Ternyata manusia hanya bisa berencana dan Allah-lah yang menentukan. Saya yang sebelum hamil Hasan memiliki siklus sangat teratur tiba-tiba kacau balau setelah mendapat haid paska melahirkan Hasan. Gejolak  hormon yang tidak tentu ditambah dengan menyusui membuat kami belum diberi rezeki hamil adiknya Hasan agar berjarak 2 tahun. Alhamdulilah, 2-3 bulan setelah Hasan lulus menyusui 2 tahun, saya diberi rezeki hamil adik Hasan. Betapa senang hati kami, akhirnya penantian kami terbayar. Yah, tidak mengapa selisih Hasan dan adiknya 3 tahun, meski terbersit rasa berat karena selisih 3 tahun artinya kami akan bayar uang pangkal sekolah Hasan dan adiknya secara bersamaan!

Qadarullah, dokter menyatakan janin tidak berkembang dan harus dikuret beberapa hari setelah diagnosa. Betapa mencelosnya hati saya. Rasanya dunia tidak adil. Sudahlah kami bukan tipe cepat mendapatkan momongan, kini harus dihadapkan dengan kenyataan abortus. Mana keadaan kami pada saat itu relatif pas-pasan. Biaya untuk kuretase cukup mahal namun tidak menghasilkan "apa-apa", alias tidak ada bayi. Rasanya kayak buang uang sia-sia.


Menyusui saat hamil

"Bisakah aku menyempurnakan penyusuan sampai 2 tahun?" ujar saya dalam hati.

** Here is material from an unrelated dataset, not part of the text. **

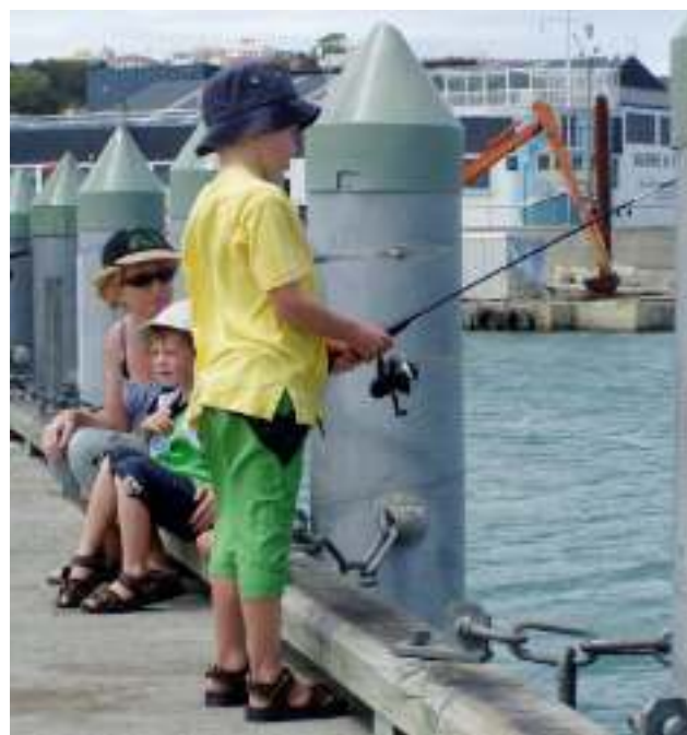
Fishing off The Port at Napier.

Berangkat dari keinginan awal ingin memiliki anak dengan jarak usia 2 tahun, saya kerap berpikir apakah saya bisa menyusui saat hamil, atau bahasa populernya Nursing While Pregnant (NWP)? Kalau anak jarak usia 2 tahun otomatis sudah hamil meski masih dalam keadaan menyusui anak sebelumnya.

Apakah menyusui saat hamil berbahaya?

Dari hasil baca-baca dan mendengar pengalaman yang lain, menyusui saat hamil tidak berbahaya asal tidak membahayakan kehamilan dan asupan gizi masuk memadai. 

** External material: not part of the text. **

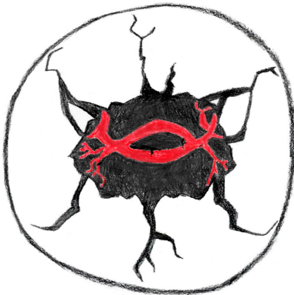
Figure 3. A breakdown

represent my experience of a 'breakdown'. Similar to cracking pavement, my internal integrity was no longer whole as I was experiencing exceptional disruption of my physical, emotional, and psychological well-being. The black color utilized in the cracks represents the lonely isolation I experienced during my time of stress. The experience of isolation did not occur due to the lack of human interaction, rather, isolation manifested because I experienced my stress in complete silence without recognition from others. The red, gorging blood vessels in my mandala adds a humanistic aspect to my experience of stress as I, a human being with emotions and sensations, endured the suffering; this also symbolically represents the activation of the sympathetic nervous system that occurs with stress. The black cracks in conjunction with the red blood vessels depicted my experience as my stress began to break my body down in remote isolation."

Saya baru tahu kalau saya hamil pada bulan April berdasarkan hasil testpack, kira-kira Bilqis berusia 1 tahun. Kami memang menginginkan menambah anak dalam kurun waktu tidak lama, tapi yah tidak secepat itu mengingat kami memiliki beberapa rencana ke depan yang terasa lebih baik apabila belum menambah anak lagi. Baik suami dan saya tidak ada yang menyangka.

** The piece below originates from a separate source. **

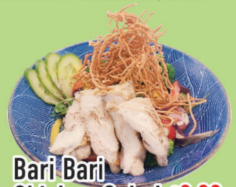
Bari Bari Chicken Salad €9,80

Awalnya kami berencana untuk konsul di dokter kandungan langganan kami di Cibubur, namun karena yang bersangkutan tidak praktek dahulu dalam jangka waktu lama, akhirnya kami memutuskan untuk mengecek kehamilan di RS Islam Cempaka Putih yang berlokasi sangat dekat dengan apartemen kami. Mengingat tahun 2020 ini dunia sedang dikepung pandemi COVID, saya memutuskan untuk berangkat sendiri ke Rumah Sakit. Untung pada saat itu masih diberlakukan Work From Home (WFH) bagi suami, sehingga ia bisa menjaga anak-anak di apartemen.

Alhamdulillah, ternyata benar ditemukan kantung hamil. Kabar buruknya, terlihat gumpalan warna hitam di bagian bawah yang artinya ditemukan pendarahan pada rahim.

"Tapi selama ini tidak ada darah yang keluar, dok!", ujar saya tidak percaya.

Akhirnya dokter memberikan progesteron sebagai penguat kandungan. Saya pun mulai curiga, apakah akibat saya masih menyusui anak kedua saya. 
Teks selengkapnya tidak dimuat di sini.